1) Scale and volume (management): The NCS generates approximately an order of magnitude more data than the conventional research laboratory - this means that simply writing data to 'local' disks and labelling them has not been an option for many years. There is a difference in the approach to data management of diffraction images as opposed to derived and results data and as such we have adopted more conventional long-term storage options for these.

2) Scale and volume (dissemination): Generating so much data produces the follow-on issue of trying to publish and disseminate it. Derived and results data are stored and made available through information management, electronic laboratory notebook and repository systems - these are permanently available to authorised users, or in some cases openly online (http://ecrystals.chem.soton.ac.uk/). Managing raw data is rather more complicated and will be discussed in detail.

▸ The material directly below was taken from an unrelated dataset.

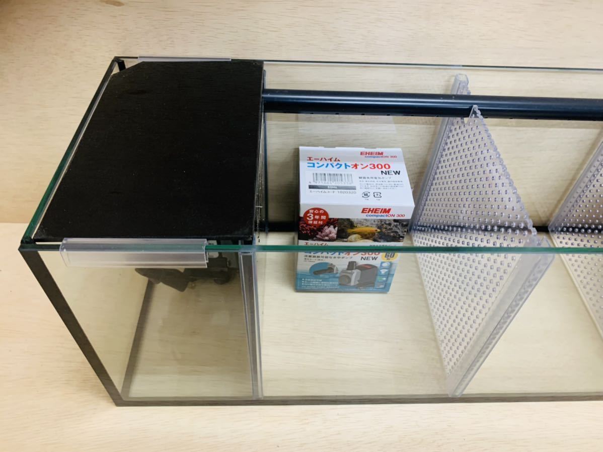 ◆ポンプ室にスポンジマットと濾材を入れ使用したり、お好みに応じて使用できるよう製作しました。※エーハイムコンパクトオン300(Newタイプになります。)をセットしてありますが飼育生体の種類、サイズ、数に適しているかは分かりませんのでご了承くださいませ。また、発送時はポンプは箱から出してセットして発送をさせて頂きますのでご了承ください。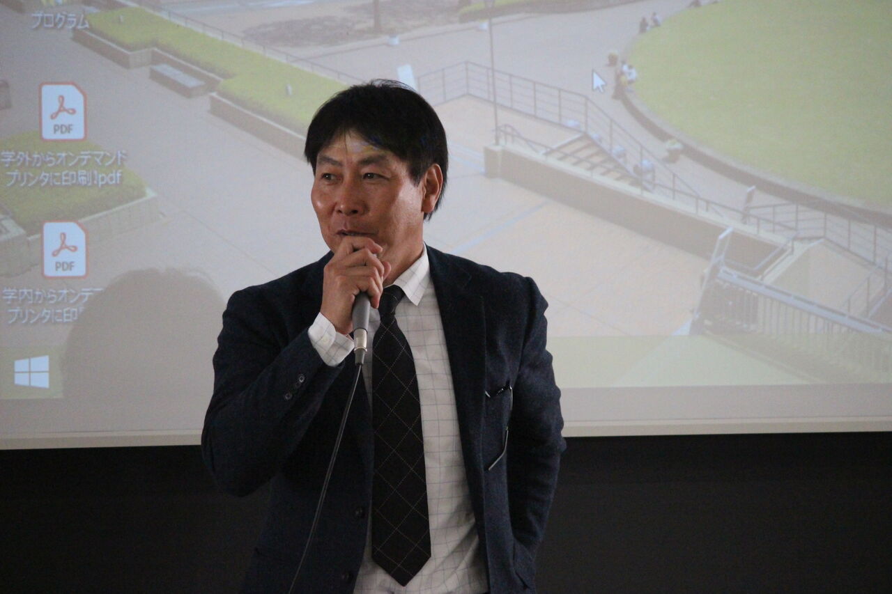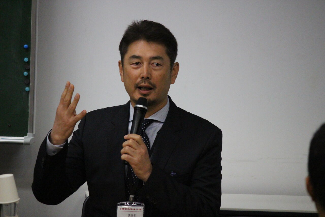 筑波大学では、恩師に当たる川村卓先生が総会を仕切っていて、吉井さんは投手のコンディション維持について講演した。そのときに筑波大大学院で学ぶ意味について聞いたのだが「オリンピック選手など他の分野のアスリートから練習法や指導法などいろいろ聞くことができて、視野が広がった」と語っていた。この時の吉井さん。

3) Accountability: As service providers we have a 'duty of care' for the diffraction data we collect on behalf of others - it is often many years before a collaborator comes back to the NCS and points out a problem with the analysis or wishes to publish the results. Moreover, as a large scale service operating in the modern age we are now moving into a policy-driven era of 'Service Level Agreements' and 'Terms and Conditions of Use', where we must commit to long term archival and curation of data on behalf of our users.

4) Disciplinary differences: As research becomes ever more inter- or multi-disciplinary, the systems we put in place for a particular discipline don't necessarily support the working practices and culture of others - the NCS laboratory now also houses instrumentation supporting macromolecular crystallography and materials science.

5) Institutional boundaries: The NCS provides data for researchers working in other institutions and operates out of both university and synchrotron facilities - this means data management crossing different technical, administrative and cultural boundaries.

[1] S.J. Coles, J.G. Frey, M.B. Hursthouse, M.E. Light, A.J. Milsted, L.A. Carr, D. DeRoure, C.J. Gutteridge, H.R. Mills, K.E. Meacham, M. Surridge, E. Lyon, R. Heery, M. Duke & M. Day, An E-Science Environment for Service Crystallography - from Submission to Dissemination, J. Chem. Inf. Model., (2006), 46, 1006-1016.

[2] S.J. Coles & P.A. Gale, Changing and challenging times for service crystallography, Chem Sci., (2012), 3, 683-689.